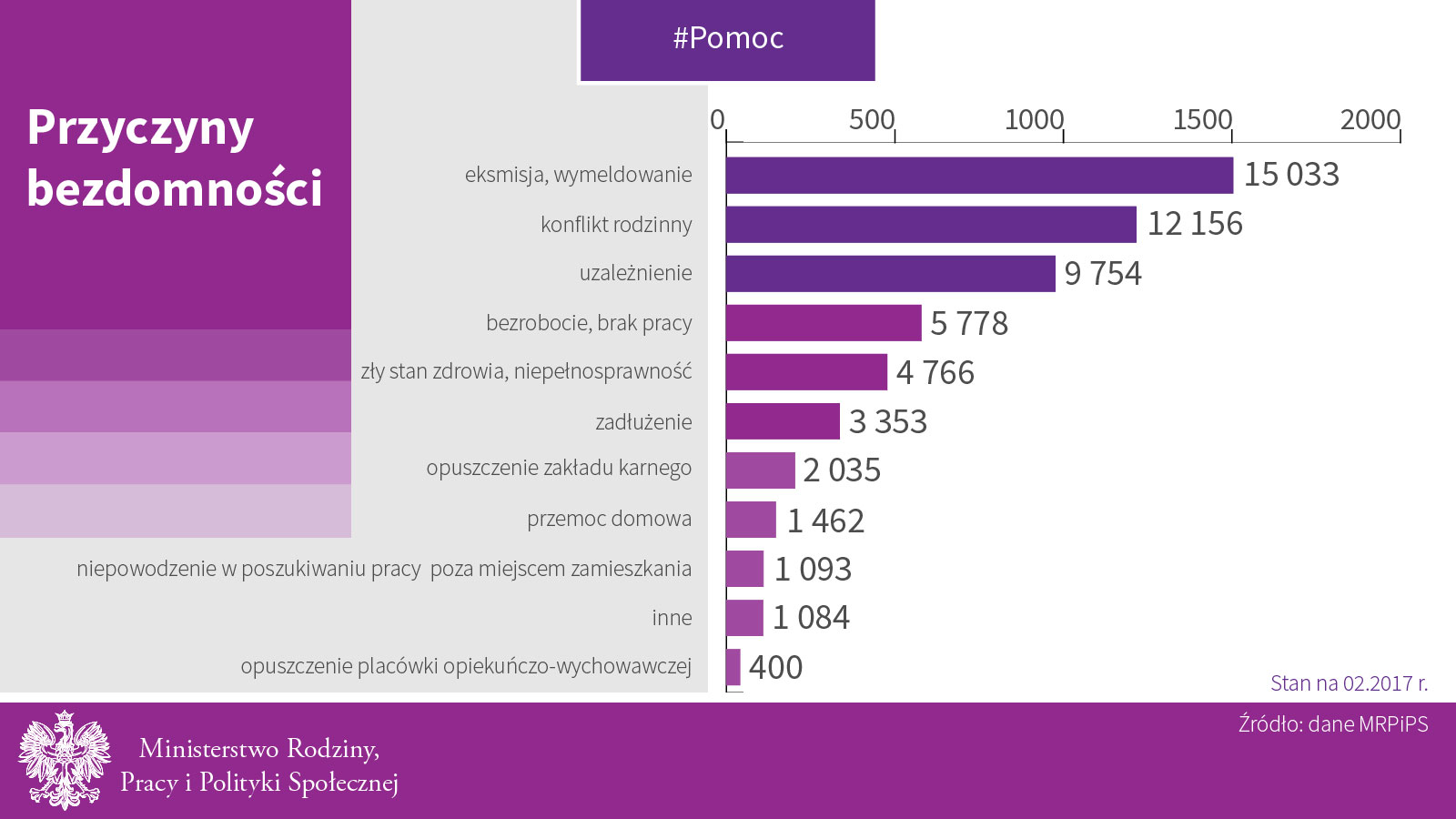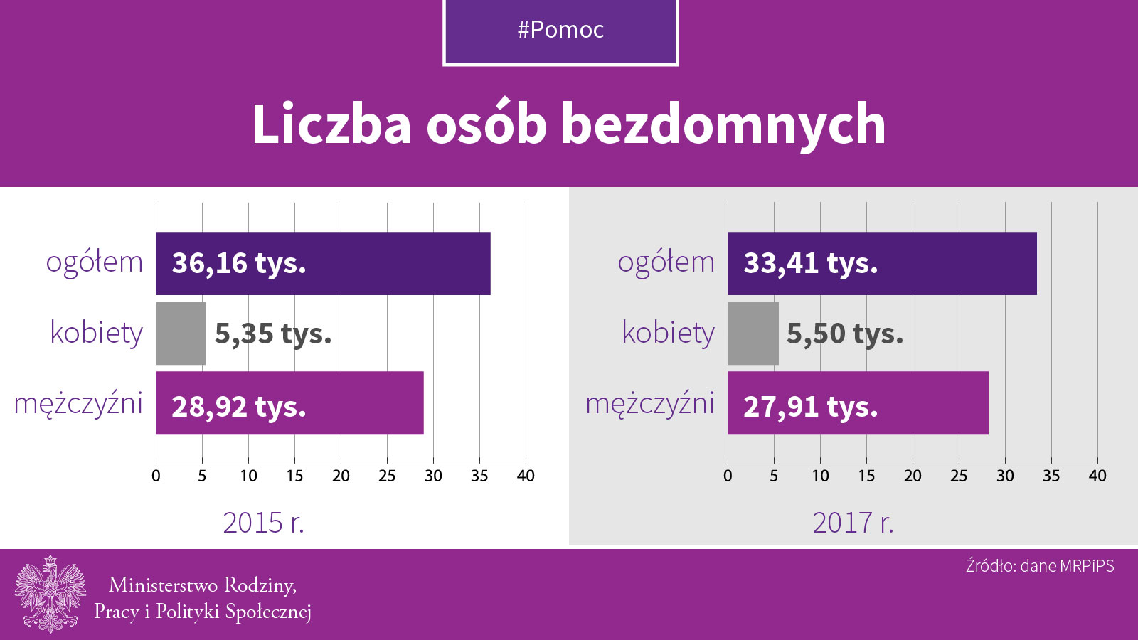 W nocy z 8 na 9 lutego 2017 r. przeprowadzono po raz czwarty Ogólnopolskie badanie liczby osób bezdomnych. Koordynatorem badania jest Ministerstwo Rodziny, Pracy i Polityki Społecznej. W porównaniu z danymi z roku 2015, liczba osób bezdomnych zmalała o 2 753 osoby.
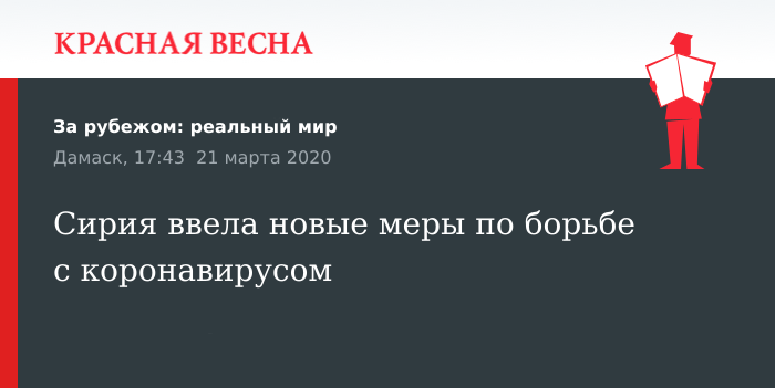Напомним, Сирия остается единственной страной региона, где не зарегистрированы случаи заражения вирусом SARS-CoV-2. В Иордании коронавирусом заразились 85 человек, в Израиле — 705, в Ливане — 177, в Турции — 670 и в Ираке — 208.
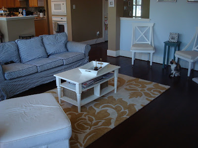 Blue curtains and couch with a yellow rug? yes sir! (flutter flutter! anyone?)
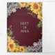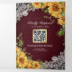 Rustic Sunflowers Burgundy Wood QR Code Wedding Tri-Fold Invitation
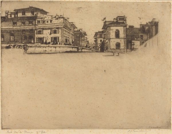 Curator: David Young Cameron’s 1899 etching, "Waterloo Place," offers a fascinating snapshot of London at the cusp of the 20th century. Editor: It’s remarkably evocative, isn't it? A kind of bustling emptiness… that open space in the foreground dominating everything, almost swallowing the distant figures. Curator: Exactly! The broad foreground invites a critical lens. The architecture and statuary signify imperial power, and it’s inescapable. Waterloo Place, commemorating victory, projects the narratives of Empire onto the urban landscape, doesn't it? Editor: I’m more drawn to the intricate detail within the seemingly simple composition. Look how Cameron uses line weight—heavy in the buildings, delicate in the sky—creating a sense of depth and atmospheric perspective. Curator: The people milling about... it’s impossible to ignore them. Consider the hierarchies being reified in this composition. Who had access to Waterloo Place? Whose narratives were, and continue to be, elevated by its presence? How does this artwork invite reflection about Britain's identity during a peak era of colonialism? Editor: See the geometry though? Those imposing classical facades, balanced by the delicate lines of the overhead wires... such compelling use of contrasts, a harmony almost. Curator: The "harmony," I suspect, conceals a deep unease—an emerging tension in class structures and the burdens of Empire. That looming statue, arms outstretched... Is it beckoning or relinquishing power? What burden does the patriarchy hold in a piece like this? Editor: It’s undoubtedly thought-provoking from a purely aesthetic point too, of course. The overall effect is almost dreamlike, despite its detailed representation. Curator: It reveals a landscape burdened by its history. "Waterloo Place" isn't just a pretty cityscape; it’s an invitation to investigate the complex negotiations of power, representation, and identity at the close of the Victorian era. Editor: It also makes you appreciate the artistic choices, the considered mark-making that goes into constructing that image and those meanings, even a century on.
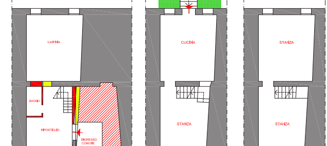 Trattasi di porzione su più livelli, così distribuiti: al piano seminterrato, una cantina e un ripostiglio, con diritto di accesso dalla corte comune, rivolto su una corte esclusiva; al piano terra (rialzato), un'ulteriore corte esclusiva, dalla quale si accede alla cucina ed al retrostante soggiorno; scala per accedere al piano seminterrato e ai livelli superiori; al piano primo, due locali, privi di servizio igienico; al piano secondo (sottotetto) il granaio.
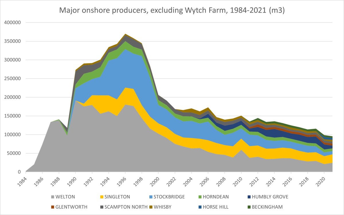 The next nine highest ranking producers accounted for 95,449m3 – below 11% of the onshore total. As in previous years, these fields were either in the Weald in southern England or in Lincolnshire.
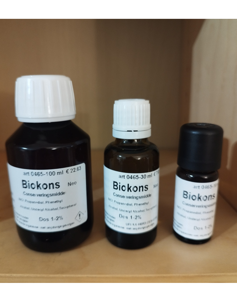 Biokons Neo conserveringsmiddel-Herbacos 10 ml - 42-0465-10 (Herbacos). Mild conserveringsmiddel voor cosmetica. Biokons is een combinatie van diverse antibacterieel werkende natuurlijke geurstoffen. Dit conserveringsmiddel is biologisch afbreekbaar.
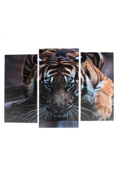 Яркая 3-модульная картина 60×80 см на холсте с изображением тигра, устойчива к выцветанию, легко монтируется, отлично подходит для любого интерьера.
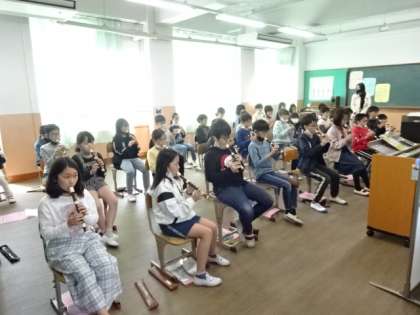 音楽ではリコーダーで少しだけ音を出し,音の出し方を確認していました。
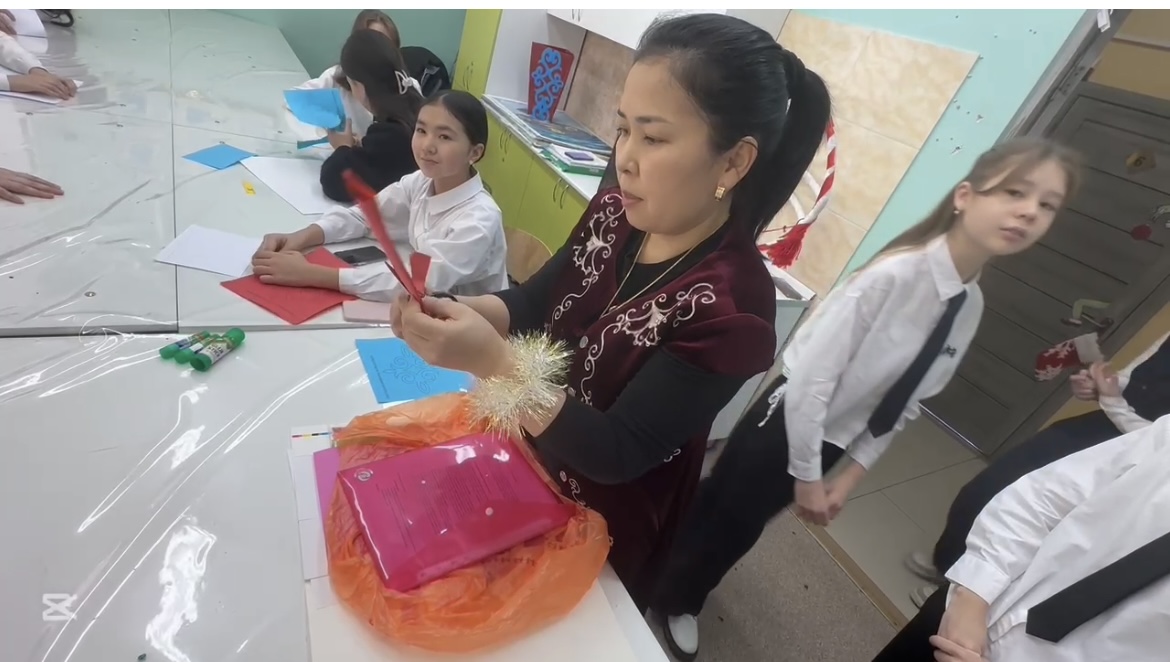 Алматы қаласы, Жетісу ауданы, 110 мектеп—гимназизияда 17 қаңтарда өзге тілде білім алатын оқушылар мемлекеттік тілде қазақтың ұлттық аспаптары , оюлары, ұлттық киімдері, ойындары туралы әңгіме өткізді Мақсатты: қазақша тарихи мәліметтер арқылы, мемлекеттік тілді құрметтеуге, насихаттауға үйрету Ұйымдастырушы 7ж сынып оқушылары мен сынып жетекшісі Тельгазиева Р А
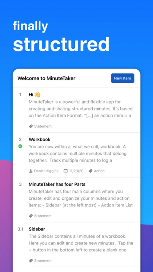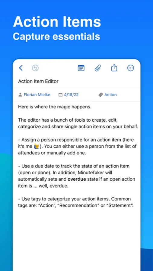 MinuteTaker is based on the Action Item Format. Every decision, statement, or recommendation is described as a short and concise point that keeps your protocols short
• • •
## TO DO
From the first record to the last, restate everything exactly but omit the pictures.

## WRITTEN RESPONSE
 W nocy z 8 na 9 lutego 2017 r. przeprowadzono po raz czwarty Ogólnopolskie badanie liczby osób bezdomnych. Koordynatorem badania jest Ministerstwo Rodziny, Pracy i Polityki Społecznej. W porównaniu z danymi z roku 2015, liczba osób bezdomnych zmalała o 2 753 osoby.
Напомним, Сирия остается единственной страной региона, где не зарегистрированы случаи заражения вирусом SARS-CoV-2. В Иордании коронавирусом заразились 85 человек, в Израиле — 705, в Ливане — 177, в Турции — 670 и в Ираке — 208.
 Blue curtains and couch with a yellow rug? yes sir! (flutter flutter! anyone?)
 Rustic Sunflowers Burgundy Wood QR Code Wedding Tri-Fold Invitation
 Curator: David Young Cameron’s 1899 etching, "Waterloo Place," offers a fascinating snapshot of London at the cusp of the 20th century. Editor: It’s remarkably evocative, isn't it? A kind of bustling emptiness… that open space in the foreground dominating everything, almost swallowing the distant figures. Curator: Exactly! The broad foreground invites a critical lens. The architecture and statuary signify imperial power, and it’s inescapable. Waterloo Place, commemorating victory, projects the narratives of Empire onto the urban landscape, doesn't it? Editor: I’m more drawn to the intricate detail within the seemingly simple composition. Look how Cameron uses line weight—heavy in the buildings, delicate in the sky—creating a sense of depth and atmospheric perspective. Curator: The people milling about... it’s impossible to ignore them. Consider the hierarchies being reified in this composition. Who had access to Waterloo Place? Whose narratives were, and continue to be, elevated by its presence? How does this artwork invite reflection about Britain's identity during a peak era of colonialism? Editor: See the geometry though? Those imposing classical facades, balanced by the delicate lines of the overhead wires... such compelling use of contrasts, a harmony almost. Curator: The "harmony," I suspect, conceals a deep unease—an emerging tension in class structures and the burdens of Empire. That looming statue, arms outstretched... Is it beckoning or relinquishing power? What burden does the patriarchy hold in a piece like this? Editor: It’s undoubtedly thought-provoking from a purely aesthetic point too, of course. The overall effect is almost dreamlike, despite its detailed representation. Curator: It reveals a landscape burdened by its history. "Waterloo Place" isn't just a pretty cityscape; it’s an invitation to investigate the complex negotiations of power, representation, and identity at the close of the Victorian era. Editor: It also makes you appreciate the artistic choices, the considered mark-making that goes into constructing that image and those meanings, even a century on.
 Trattasi di porzione su più livelli, così distribuiti: al piano seminterrato, una cantina e un ripostiglio, con diritto di accesso dalla corte comune, rivolto su una corte esclusiva; al piano terra (rialzato), un'ulteriore corte esclusiva, dalla quale si accede alla cucina ed al retrostante soggiorno; scala per accedere al piano seminterrato e ai livelli superiori; al piano primo, due locali, privi di servizio igienico; al piano secondo (sottotetto) il granaio.
 The next nine highest ranking producers accounted for 95,449m3 – below 11% of the onshore total. As in previous years, these fields were either in the Weald in southern England or in Lincolnshire.
 Biokons Neo conserveringsmiddel-Herbacos 10 ml - 42-0465-10 (Herbacos). Mild conserveringsmiddel voor cosmetica. Biokons is een combinatie van diverse antibacterieel werkende natuurlijke geurstoffen. Dit conserveringsmiddel is biologisch afbreekbaar.
 Яркая 3-модульная картина 60×80 см на холсте с изображением тигра, устойчива к выцветанию, легко монтируется, отлично подходит для любого интерьера.
 音楽ではリコーダーで少しだけ音を出し,音の出し方を確認していました。
 Алматы қаласы, Жетісу ауданы, 110 мектеп—гимназизияда 17 қаңтарда өзге тілде білім алатын оқушылар мемлекеттік тілде қазақтың ұлттық аспаптары , оюлары, ұлттық киімдері, ойындары туралы әңгіме өткізді Мақсатты: қазақша тарихи мәліметтер арқылы, мемлекеттік тілді құрметтеуге, насихаттауға үйрету Ұйымдастырушы 7ж сынып оқушылары мен сынып жетекшісі Тельгазиева Р А
 MinuteTaker is based on the Action Item Format. Every decision, statement, or recommendation is described as a short and concise point that keeps your protocols short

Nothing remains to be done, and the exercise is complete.